This application requests continued support for basic and clinical studies of the human plasma protein C pathway, a pathway that provides one of the body's major natural anticoagulant mechanisms. The long-term objective of the principal investigator is to study molecules and mechanisms that regulate thrombosis and hemostasis. Work supported by this grant led to discovery of homozygous and heterozygous protein C deficiency and protein S deficiency associated with hereditary venous thrombotic disease. Other work showed that inactivation of Factors V and VIII in plasma and neutralization of plasminogen activator inhibitor by activated protein C explain its anticoagulant and profibrinolytic properties. Protein S and protein S binding protein (PSBP) are cofactor enhancing activated protein C activity.
The specific aims of this grant are concerned with defining further the mechanisms of actions of activated protein C, protein S, and PSBP as anticoagulant and profibrinolytic agents and studying plasma and urinary protein C inhibitors that downregulate the protein C pathway by complexing with activated protein C and identifying the protein C gene defects responsible for its deficiency.

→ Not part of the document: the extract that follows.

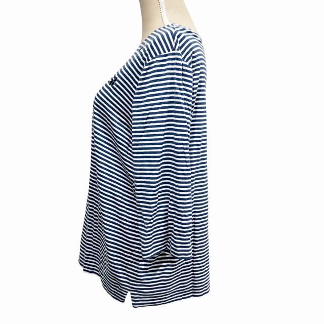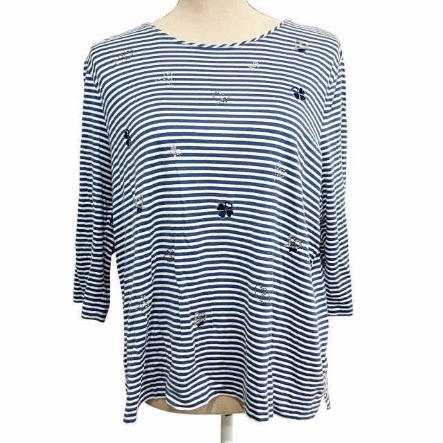 レリアン Leilian Tシャツ カットソー ボーダー 刺繍 スパンコール 白 ホワイト 青 ブルー 17+ 約XL 大きいサイズ ■GY09 レディース

Other aims i nclude clinical studies of PSBP and protein C inhibitor to prove the hypotheses that hereditary PSBP deficiency is associated with thrombophilia, that plasma concentrations of PSBP:Protein S complexes determine the clinical tendency to thrombosis in protein S deficient patients, and that protein C inhibitor deficiency is associated with a bleeding diathesis. Moreover, functional and immunologic measurements of the protein C pathway proteins in over 400 patients with protein C or protein S deficiency as well as in other patient groups at high risk for venous thrombosis will be made in order to find correlations between levels of certain molecular species and thrombotic manifestations or protection from thrombosis. It is anticipated that further clinical insights will follow new molecular insights and that information will be obtained concerning the potential utility of protein C, protein S, or PSBP as new therapeutic antithrombotic agents.